Reference parameters
A reference parameter is a reference to a memory location of a variable. When you pass parametersby reference, unlike value parameters, a new storage location is not created for these parameters. The reference parameters represent the same memory location as the actual parameters that are supplied to the method.
In C#, you declare the reference parameters using the ref keyword. The following example demonstrates this:
using System;
namespace CalculatorApplication
{
class NumberManipulator
{
public void swap(ref int x, ref int y)
{
int temp;
temp = x; /* save the value of x */
x = y; /* put y into x */
y = temp; /* put temp into y */
}
static void Main(string[] args)
{
NumberManipulator n = new NumberManipulator();
/* local variable definition */
int a = 100;
int b = 200;
Console.WriteLine("Before swap, value of a : {0}", a);
Console.WriteLine("Before swap, value of b : {0}", b);
/* calling a function to swap the values */
n.swap(ref a, ref b);
Console.WriteLine("After swap, value of a : {0}", a);
Console.WriteLine("After swap, value of b : {0}", b);
Console.ReadLine();
}
}
}
When the above code is compiled and executed, it produces the following result:
Before swap, value of a : 100
Before swap, value of b : 200
After swap, value of a : 200
After swap, value of b : 100
It shows that the values have been changed inside the swap function and this change reflects in theMain function.
Output parameters
A return statement can be used for returning only one value from a function. However, using output parameters, you can return two values from a function. Output parameters are like reference parameters, except that they transfer data out of the method rather than into it.
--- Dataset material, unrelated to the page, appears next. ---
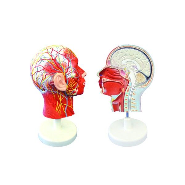 Este modelo a tamaño real de la marca Mediprem muestra la parte derecha de la cabeza y el cuello humano. Este modelo de media cabeza humana se corta en el plano sagital, lo que permite estudiar las estructuras internas con más detalle, es decir, la composición del cerebro interno, la faringe, las vías respiratorias superiores y una parte de las vértebras cervicales.
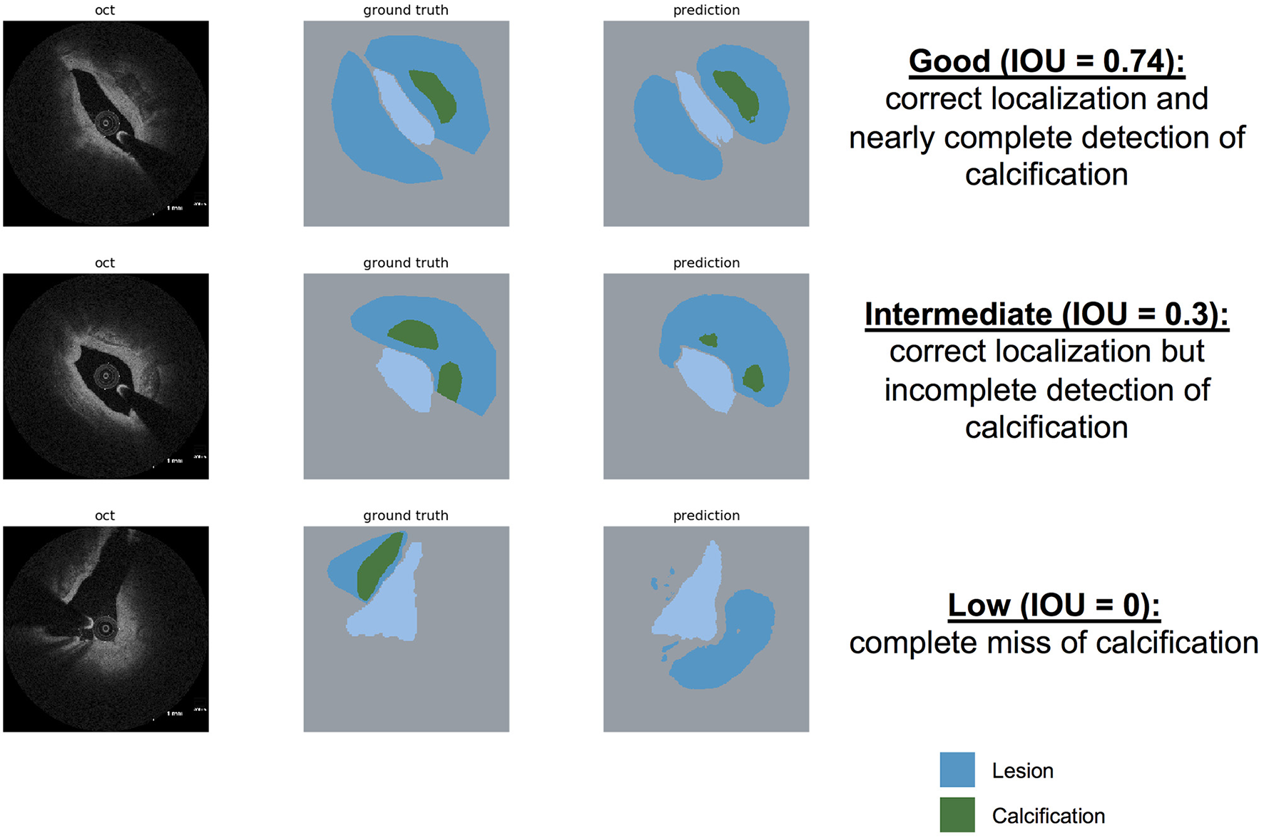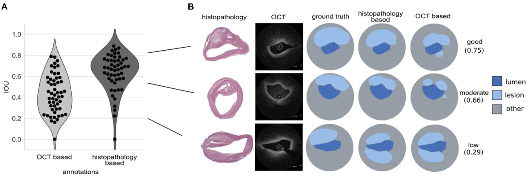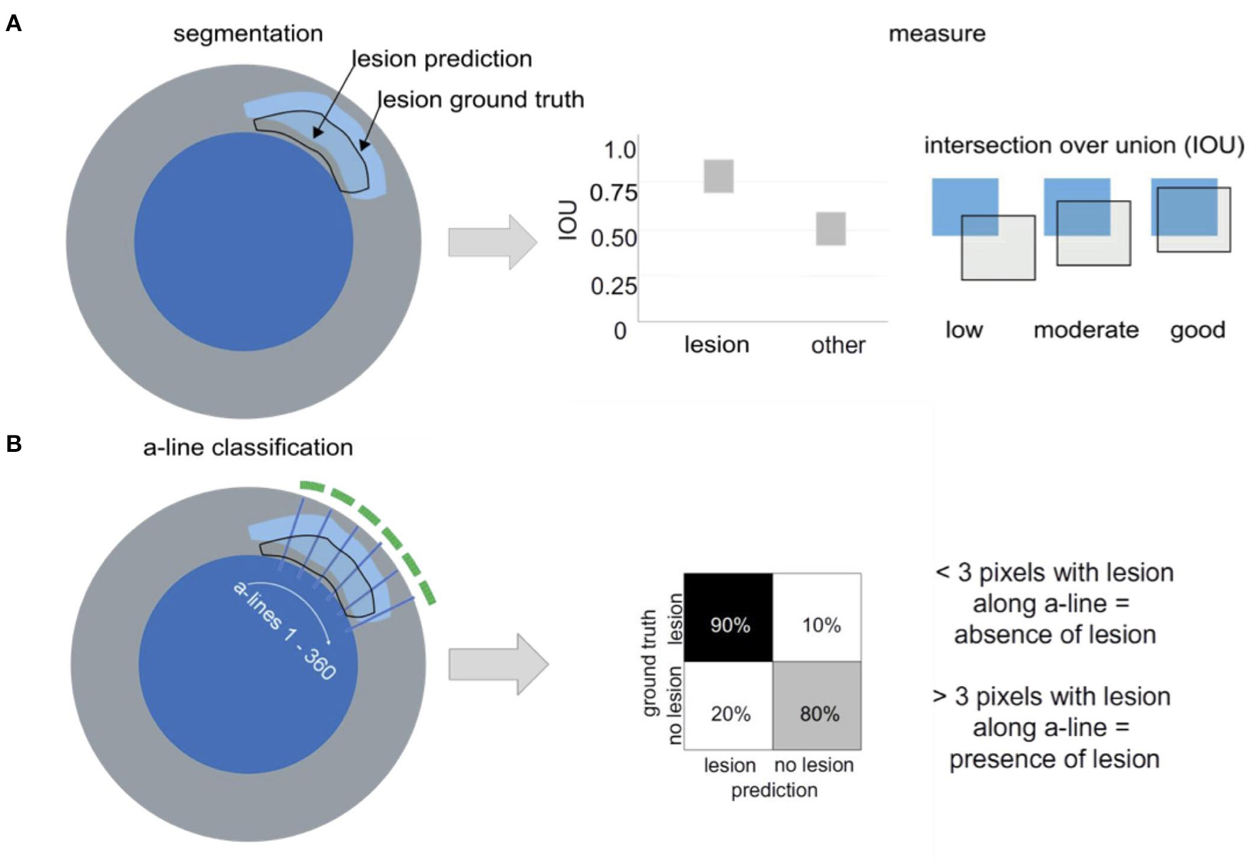 Segmentation describes the task of linking certain regions or pixels within an image to a specific class label (here: lumen, lesion, other). We evaluated the segmentation performance using the intersection over union (IOU, also called Jaccard index), a common metric for evaluation of the quality of segmentation algorithms (28). The IOU is calculated as the overlap between the manual annotation (i.e. the “ground truth”) with the prediction from the algorithm divided by the union (see Figure 2A):

The following example illustrates this:
using System;
namespace CalculatorApplication
{
class NumberManipulator
{
public void getValue(out int x )
{
int temp = 5;
x = temp;
}
static void Main(string[] args)
{
NumberManipulator n = new NumberManipulator();
/* local variable definition */
int a = 100;
Console.WriteLine("Before method call, value of a : {0}", a);
/* calling a function to get the value */
n.getValue(out a);
Console.WriteLine("After method call, value of a : {0}", a);
Console.ReadLine();
}
}
}
When the above code is compiled and executed, it produces the following result:
Before method call, value of a : 100
After method call, value of a : 5
The variable supplied for the output parameter need not be assigned a value the method call. Output parameters are particularly useful when you need to return values from a method through the parameters without assigning an initial value to the parameter. Look at the following example, to understand this:
using System;
namespace CalculatorApplication
{
class NumberManipulator
{
public void getValues(out int x, out int y )
{
Console.WriteLine("Enter the first value: ");
x = Convert.ToInt32(Console.ReadLine());
Console.WriteLine("Enter the second value: ");
y = Convert.ToInt32(Console.ReadLine());
}
static void Main(string[] args)
{
NumberManipulator n = new NumberManipulator();
/* local variable definition */
int a , b;
/* calling a function to get the values */
n.getValues(out a, out b);
Console.WriteLine("After method call, value of a : {0}", a);
Console.WriteLine("After method call, value of b : {0}", b);
Console.ReadLine();
}
}
}
When the above code is compiled and executed, it produces the following result (depending upon the user input):
Enter the first value:
7
Enter the second value:
8
After method call, value of a : 7
After method call, value of b : 8
Parameter array
It use "param" keyword
using System;
class Programme
{
public static void ParamsMethod(params int[] Numbers)
{
Console.WriteLine("there are {0} element ":, numbers.length);
foreach ( int i in numbers)
Console.WriteLine(i);
}
}
} public static void Main()
{
Number[0] = 101
Number[1] = 102 Number[2] = 103
ParamsMethod(1,2,3,4,5);// param method or param method(number)
}
}
}
}
we can not use
"public static void ParamsMethod(params int[] Numbers, Int number) because param keyword should be last keyword.
we can not use
"public static void ParamsMethod(params int[] Numbers, Params number) because param keyword should be one.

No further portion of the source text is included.